Morality and Rationality

I was reading today about attempts in various US jurisdictions to bring in laws that will force schools and educational institutions generally to have "open debate" on such matters as climate change and the theory of evolution and, after calming down, considered the nature of what irritates me so much about such an approach, not least to law. There seems to have grown, particularly on the right in the US, a generic kind of irrationalism that is based on the view that all kinds and types of belief are effectively equivalent to each other and hence that there can be some kind of "neutral forum" in which they can all present their case before the public.

This belief is in fact a masquerade since the kinds of people who think that there are grounds for serious debate concerning the "theory" of evolution have very little conception of what a theory consists in and what kinds of considerations are relevant for evaluation of it.

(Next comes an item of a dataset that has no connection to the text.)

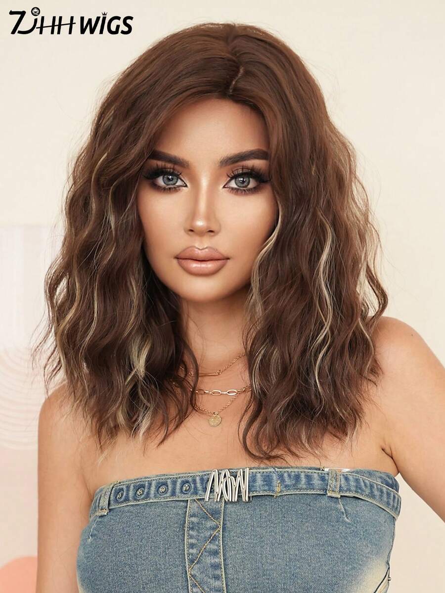 7JHH WIGS 18 英寸中长棕色金色挑染卷发假发,女士齐肩波浪假发,侧分刘海,天然合成耐热纤维假发,适合女孩日常派对使用

So it appears "reasonable" to some to appeal either to Scripture or to a set of apparent "evidences" of design in nature as if either of these appeals was somehow evidentially on a par with the accumulative work of natural science. In responding to such people one tends to lose one's patience simply because they have such a peculiar view of what counts as an argument. So the kinds of evidence of "design", to take the most respectable version of this kind of view, that are supposed to count are either versions of an anthropomorphic fallacy or they are clearly accounted for within the scope of evolutionary theory in any case which is based on a comprehension of adaptation to environment that would predict such effects of design as emergent. Further, any serious rational person is aware that the use of Occam's razor commits us to accepting that the simplest explanation that accounts for the phenomena in question is, by virtue of its simplicity, the best one.

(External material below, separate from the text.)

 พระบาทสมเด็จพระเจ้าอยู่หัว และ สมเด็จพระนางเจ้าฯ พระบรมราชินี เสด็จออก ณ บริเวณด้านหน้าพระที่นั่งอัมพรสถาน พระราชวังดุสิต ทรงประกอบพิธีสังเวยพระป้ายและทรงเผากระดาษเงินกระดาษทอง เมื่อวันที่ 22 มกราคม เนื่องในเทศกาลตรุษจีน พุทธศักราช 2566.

Since the kinds of people one is arguing with, however, systematically flout all considerations of evidence and rational grounds of belief these types of appeal are unlikely to persuade them. At which point one finds that effectively there is no kind of rational ground that would persuade them of anything. So, to move over to climate change, apparently some "religiously" motivated critics of it argue that we can't be affecting the climate in this way as the climate was designed by God. Again, since it is apparent that any and all aspects of the climate are susceptible to harm by us, there is no ground at all for thinking it per se impossible that we could be responsible for damaging the climate. But anyone who thinks that you can invoke God in this kind of way in an argument has so little conception of argument that one is at a loss how to begin with them.

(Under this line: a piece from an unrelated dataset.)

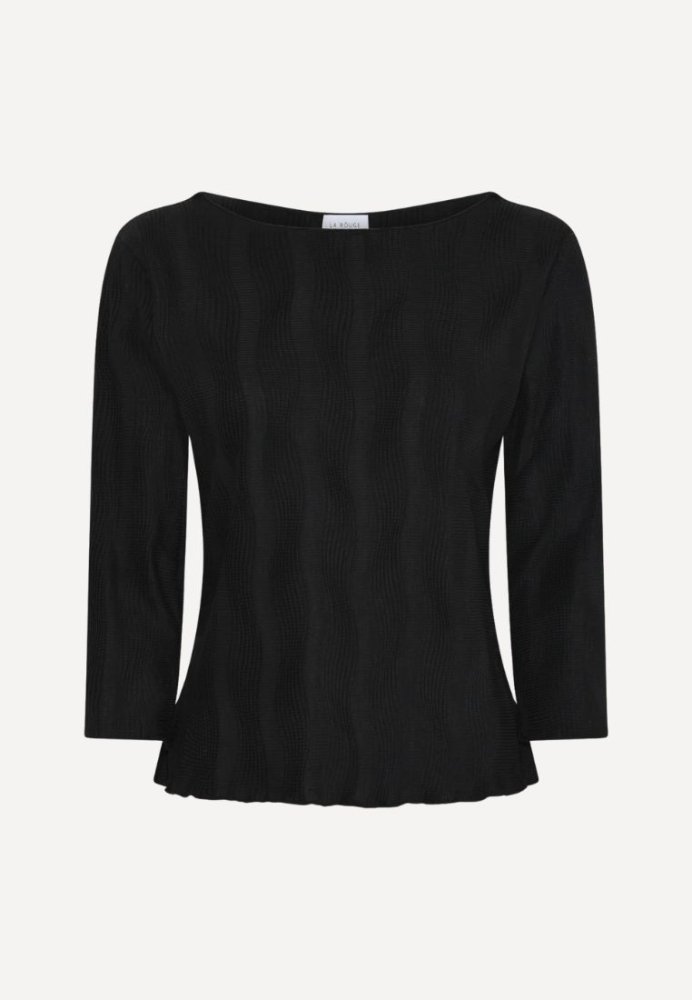 Luna-blusen med 3/4-ærmer fra La Rouge er en smuk og feminin bluse.  Den har en elegant bådudskæring, som giver et sofistikeret og flydende udtryk. Blusen er lavet i en blød og let kvalitet, der falder flatterende om kroppen – perfekt både til hverdagsbrug og festlige lejligheder.

At this point I tend towards the view that the real problem in these cases is a moral one. Irrational people of the sort who deny the intrinsic possibility of climate change or think that the theory of evolution is "just" a theory are people in a grip of a conviction and this conviction is one that has corrupted their reasoning powers. This doesn't entail that they are generically incapable of reasoning but that, with a range of subjects, there is a moral fault when it comes to being able to practice the skills of reasoning that they undoubtedly are capable of using. In this sense people of this sort are morally corrupt persons, persons that is, who prefer a belief to be adopted because it suits them and feel no responsibility to see how such a belief may relate to the myriad kinds of considerations that are appropriate for its evaluation. In this sense the fault they have is not, in the first instance, one of reason but of morality and the kind of fault it is involves submitting to inclination in the sense that certain kinds of beliefs strike them as "looking" better than others. Hence, though it seems ugly to say it, these people are guided by a kind of corrupt aesthetic that has taken charge of their morals and atrophied their reasoning capacities.

There is a moral basis to reasoning correctly which involves acceptance of rules and canons of argument, understanding of what kind of thing counts as evidence and agreement to engage with others in a common discussion. In the absence of this there is moral irresponsibility based on abdication before presumed "facts" that have an absolute status and yet get defended by means of a perverse relativism.